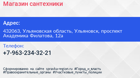 Магазин сантехники по адресу 432063, Ульяновская область, Ульяновск, проспект Академика Филатова, 12а в дальнейшем Организация, размещена в следующих категориях:
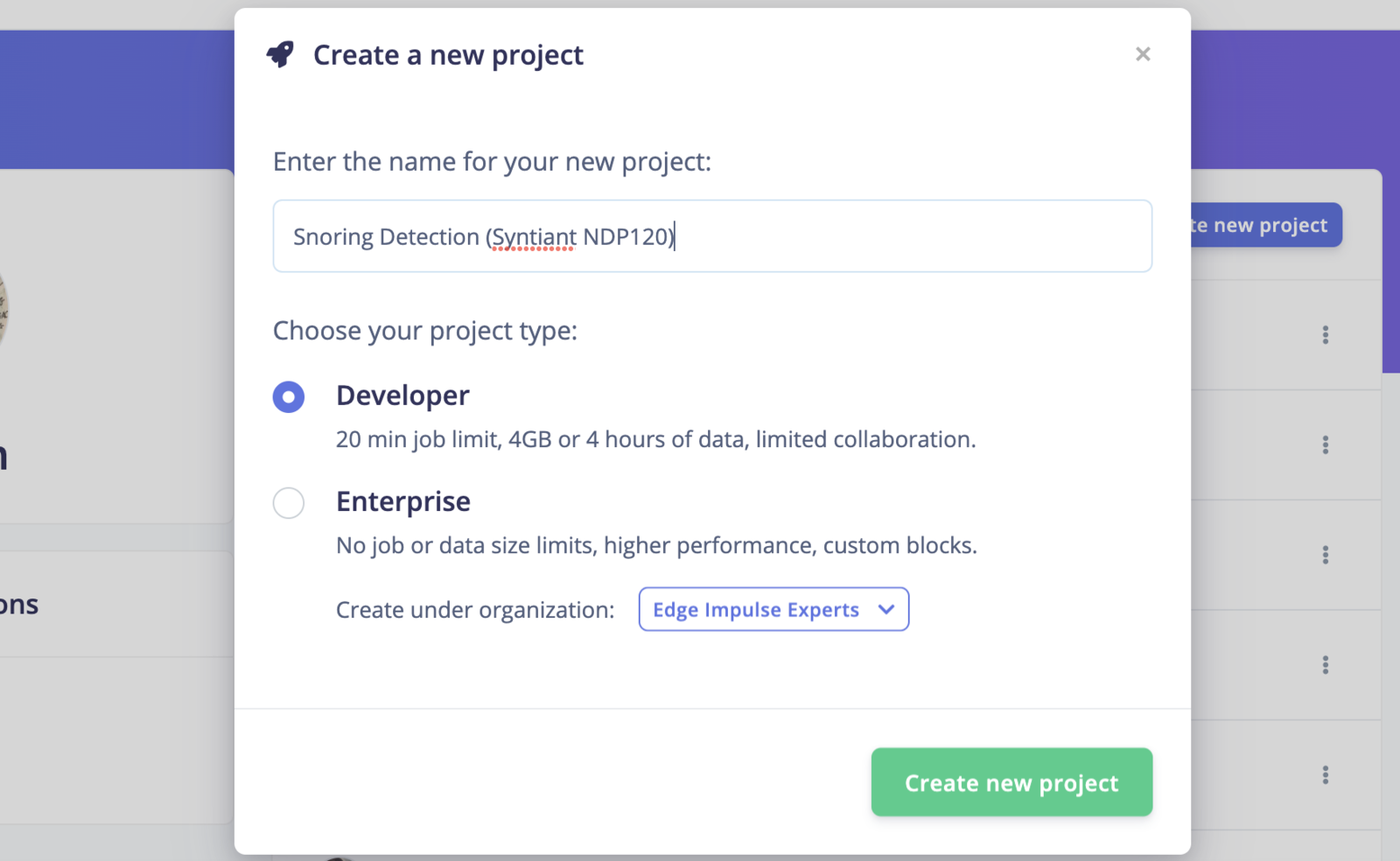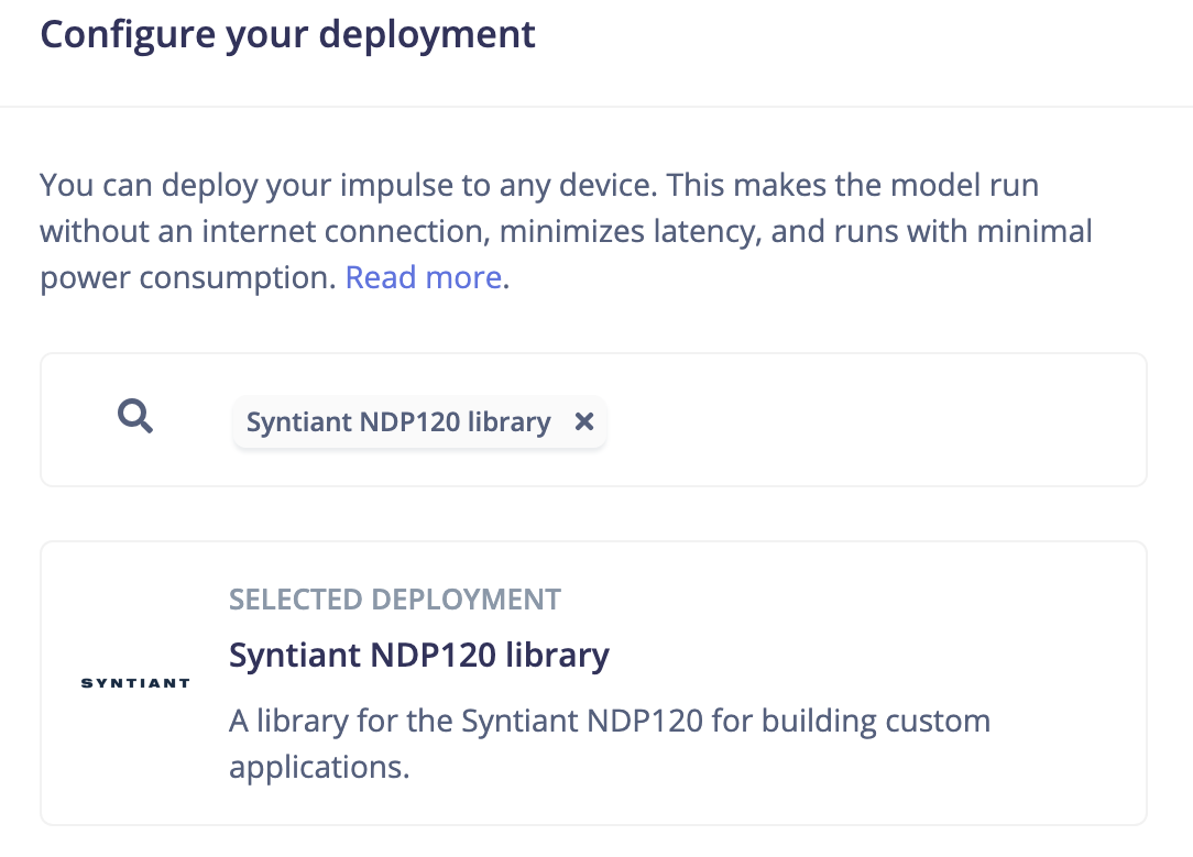 When deploying the model on Nicla Voice, we must choose the Syntiant NDP120 library option on the Deployment page.
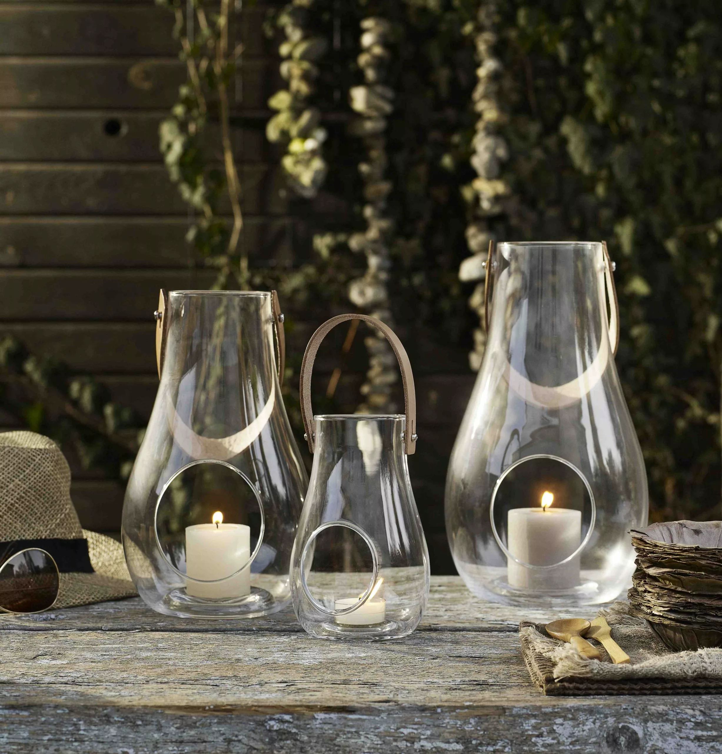 Använd designen med ljuslykta året runt. För sommarkvällar på terrassen, för dekoration på golv, bord, trappor och fönster – och som en snygg juldekoration med ett par kottar, gran och kanelstänger i botten. Maria Berntsen har skapat den mobila ljuskällan i glas och kärnläder för att sprida mysighet i skandinavisk stil. Denna lykta är 29 cm hög, men den finns också i en liten version på 16 cm, en mellanversion på 24,8 cm och en golvversion på 45 cm. Lyktorna finns i både klart och frostat glas och är trevliga att kombinera. En bra presentidé för ett speciellt tillfälle.
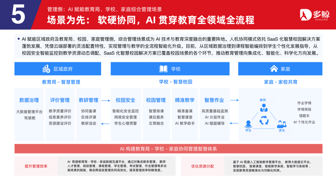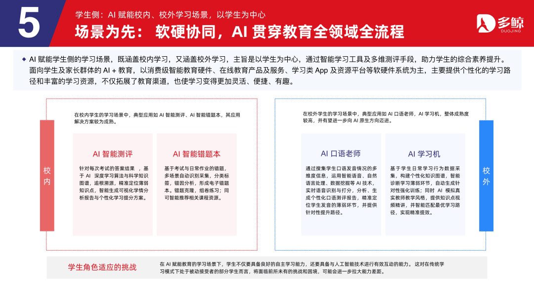 校外,保守的素养系统已难以满脚小我和社会成长的需求。因刚需导向,且全体正派历 AI 沉构,成长前景广漠,是扶植教育强国的主要径。大幅提高办理者及师生多方的效率和质量,帮力机构抢占先机、开辟将来。各厂商按照手艺能力、教育营业理解、教育数据等合作要素的差别,
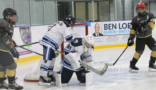 In hockey action, Saturday night, the U15B Tier 2 West Coast Whitecaps (local representative team) downed the South Grey Spartans, 1-0. This was a rather spectacular game as about halfway through the first period, the lights went out at the Davidson Centre. The back-up generator came on but the lights continued to flicker.
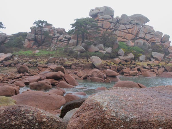 Retour pluvieux sur les granits roses de Porz Rolland.
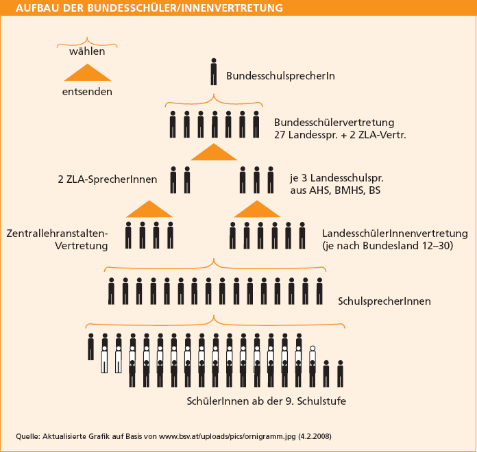 Im Schülervertretungengesetz (SchVG) ist festgelegt, dass es für einige Schultypen in jedem Bundesland eine LandesschülerInnenvertretung und für ganz Österreich eine BundesschülerInnenvertretung gibt.
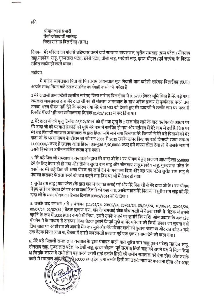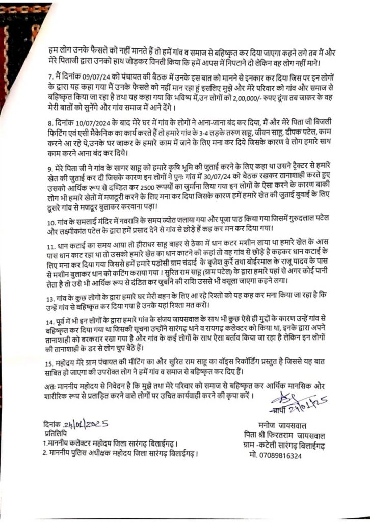 सारंगढ़ – समाज के लोगो ने अपने ही समाज के ग्रामीण को किया सामाजिक बहिष्कार और किसी ने साथ दिया तो उसे भी जुर्माना लगाया गया आज भी समाज में सामाजिक बहिष्कार की प्रथा चल रही है ऐसे ही एक मामला सारंगढ़ बिलाईगढ़ जिले के मुख्यालय से महज 5 से 7 किलो मीटर दूर गांव कटेली है जहा एक जायसवाल परिवार को सामाजिक रूप से बहिष्कृत कर दिया है दरसल मामला जमीन विवाद को लेकर है और विवाद ऐसा की एक परिवार ने अपने ही परिवार वंशज को सामाजिक रूप से बहिष्कृत कर दिया पीड़ित ने सारंगढ़ पुलिस अधीक्षक से गुहार लगाई है मिली जानकारी अनुसार मनोज जायसवाल पिता फिरत राम जायसवाल को उनके दादा जी स्वर्गीय संतराम जायसवाल को उनके बेटे रामलाल जायसवाल ने अनेक प्रकार से दुर्व्यवहार किया और उनका बुढ़ापे में भरण पोषण तक नही किया तो उनके पोते मनोज ने सेवा भाव से उनकी सेवा की थी उसी सेवा भाव और दादा जी के प्रति लगाव से उनके दादा जी संतराम ने 0.5780 हेक्टेयर भूमि अपने पोते के नाम किया था और उनके देहांत के बाद उसे अब लेने के लिए उनके ही बड़े पापा रामलाल जायसवाल अनेक प्रकार से यातनाएं के साथ प्रताड़ित करने लगे और हिस्सा मागने लगे दोनो परिवार के बीच आपसी समझौता में दादा के ऊपर लगभग 11 लाख रूपये किए खर्च का आधा पैसा 550000 रूपये देने पर जमीन का भी बटवारा आधा करने को लेकर सुलह हुआ था लेकीन गांव के ही सूरित राम साहू, सोनसाय साहू, महादेव साहू, गुरुदलाल पटेल के बहकावे में आकर खर्चा देने से इंकार कर दिया फिर सुलह करने ग्राम पंचायत की बैठक हुई और लगातार 7 से 8 बार पंचायत बैठक बुलाया गया बकायदा बैठक कर पीड़ित से 5 हजार जुर्बाना भी लिया गया और जमीन का बटवारा देने के लिए दबाव बनाया गया और कहा की आधा हिस्सा जमीन रामलाल जायसवाल के नाम कर दो और 50 हजार ले लो लेकीन जब पीड़ित ने बात नही मानी तो अंतिम बैठक कर मनोज जायसवाल और उनके परिवार को समाजिक रूप से बहिष्कृत कर दिया गया और यह भी तय कर दिया गया की समाज में फिर से शामिल होना है तो 2 लाख रूपये जुर्माना देने होंगे तभी उन्हें फिर से शामिल किया जाएगा उसके बाद लोगो ने उनके घर आना जाना बंद कर दिया गया एक बार एक ट्रैक्टर मालिक सागर साहू ने उनका खेत जोताई किया तो उसे भी 2500 रूपये जुर्माना लगाया गया यहां तक कि गांव में नवरात्रि पूजा हुई तो उन्हे समाज से बहिष्कृत है कहके प्रसाद देने से भी इंकार कर दिया इतना ही नही समाजिक बहिष्कार कर इस हद तक प्रताडित किया गया की उनके बहन के लिए आने वाले रिश्ते तक को मना किया गया बताया जाता है की पूर्व में भी इसी तरह कई परिवार को समाजिक बहिष्कार किया जा चुका है और अंत में जब पीड़ित मनोज जायसवाल थक गया तो उन्होंने सारंगढ़ बिलाईगढ जिले की पुलिस अधीक्षक ( एसपी) कार्यालय में लिखित शिकायत दर्ज कराई है अब द

════

**EXERCISE:** Transcribe the whole listing above exactly and leave out the pictures.

**SOLVED EXERCISE:**
 Магазин сантехники по адресу 432063, Ульяновская область, Ульяновск, проспект Академика Филатова, 12а в дальнейшем Организация, размещена в следующих категориях:
 When deploying the model on Nicla Voice, we must choose the Syntiant NDP120 library option on the Deployment page.
 Använd designen med ljuslykta året runt. För sommarkvällar på terrassen, för dekoration på golv, bord, trappor och fönster – och som en snygg juldekoration med ett par kottar, gran och kanelstänger i botten. Maria Berntsen har skapat den mobila ljuskällan i glas och kärnläder för att sprida mysighet i skandinavisk stil. Denna lykta är 29 cm hög, men den finns också i en liten version på 16 cm, en mellanversion på 24,8 cm och en golvversion på 45 cm. Lyktorna finns i både klart och frostat glas och är trevliga att kombinera. En bra presentidé för ett speciellt tillfälle.
 校外,保守的素养系统已难以满脚小我和社会成长的需求。因刚需导向,且全体正派历 AI 沉构,成长前景广漠,是扶植教育强国的主要径。大幅提高办理者及师生多方的效率和质量,帮力机构抢占先机、开辟将来。各厂商按照手艺能力、教育营业理解、教育数据等合作要素的差别,
 In hockey action, Saturday night, the U15B Tier 2 West Coast Whitecaps (local representative team) downed the South Grey Spartans, 1-0. This was a rather spectacular game as about halfway through the first period, the lights went out at the Davidson Centre. The back-up generator came on but the lights continued to flicker.
 Retour pluvieux sur les granits roses de Porz Rolland.
 Im Schülervertretungengesetz (SchVG) ist festgelegt, dass es für einige Schultypen in jedem Bundesland eine LandesschülerInnenvertretung und für ganz Österreich eine BundesschülerInnenvertretung gibt.
 सारंगढ़ – समाज के लोगो ने अपने ही समाज के ग्रामीण को किया सामाजिक बहिष्कार और किसी ने साथ दिया तो उसे भी जुर्माना लगाया गया आज भी समाज में सामाजिक बहिष्कार की प्रथा चल रही है ऐसे ही एक मामला सारंगढ़ बिलाईगढ़ जिले के मुख्यालय से महज 5 से 7 किलो मीटर दूर गांव कटेली है जहा एक जायसवाल परिवार को सामाजिक रूप से बहिष्कृत कर दिया है दरसल मामला जमीन विवाद को लेकर है और विवाद ऐसा की एक परिवार ने अपने ही परिवार वंशज को सामाजिक रूप से बहिष्कृत कर दिया पीड़ित ने सारंगढ़ पुलिस अधीक्षक से गुहार लगाई है मिली जानकारी अनुसार मनोज जायसवाल पिता फिरत राम जायसवाल को उनके दादा जी स्वर्गीय संतराम जायसवाल को उनके बेटे रामलाल जायसवाल ने अनेक प्रकार से दुर्व्यवहार किया और उनका बुढ़ापे में भरण पोषण तक नही किया तो उनके पोते मनोज ने सेवा भाव से उनकी सेवा की थी उसी सेवा भाव और दादा जी के प्रति लगाव से उनके दादा जी संतराम ने 0.5780 हेक्टेयर भूमि अपने पोते के नाम किया था और उनके देहांत के बाद उसे अब लेने के लिए उनके ही बड़े पापा रामलाल जायसवाल अनेक प्रकार से यातनाएं के साथ प्रताड़ित करने लगे और हिस्सा मागने लगे दोनो परिवार के बीच आपसी समझौता में दादा के ऊपर लगभग 11 लाख रूपये किए खर्च का आधा पैसा 550000 रूपये देने पर जमीन का भी बटवारा आधा करने को लेकर सुलह हुआ था लेकीन गांव के ही सूरित राम साहू, सोनसाय साहू, महादेव साहू, गुरुदलाल पटेल के बहकावे में आकर खर्चा देने से इंकार कर दिया फिर सुलह करने ग्राम पंचायत की बैठक हुई और लगातार 7 से 8 बार पंचायत बैठक बुलाया गया बकायदा बैठक कर पीड़ित से 5 हजार जुर्बाना भी लिया गया और जमीन का बटवारा देने के लिए दबाव बनाया गया और कहा की आधा हिस्सा जमीन रामलाल जायसवाल के नाम कर दो और 50 हजार ले लो लेकीन जब पीड़ित ने बात नही मानी तो अंतिम बैठक कर मनोज जायसवाल और उनके परिवार को समाजिक रूप से बहिष्कृत कर दिया गया और यह भी तय कर दिया गया की समाज में फिर से शामिल होना है तो 2 लाख रूपये जुर्माना देने होंगे तभी उन्हें फिर से शामिल किया जाएगा उसके बाद लोगो ने उनके घर आना जाना बंद कर दिया गया एक बार एक ट्रैक्टर मालिक सागर साहू ने उनका खेत जोताई किया तो उसे भी 2500 रूपये जुर्माना लगाया गया यहां तक कि गांव में नवरात्रि पूजा हुई तो उन्हे समाज से बहिष्कृत है कहके प्रसाद देने से भी इंकार कर दिया इतना ही नही समाजिक बहिष्कार कर इस हद तक प्रताडित किया गया की उनके बहन के लिए आने वाले रिश्ते तक को मना किया गया बताया जाता है की पूर्व में भी इसी तरह कई परिवार को समाजिक बहिष्कार किया जा चुका है और अंत में जब पीड़ित मनोज जायसवाल थक गया तो उन्होंने सारंगढ़ बिलाईगढ जिले की पुलिस अधीक्षक ( एसपी) कार्यालय में लिखित शिकायत दर्ज कराई है अब द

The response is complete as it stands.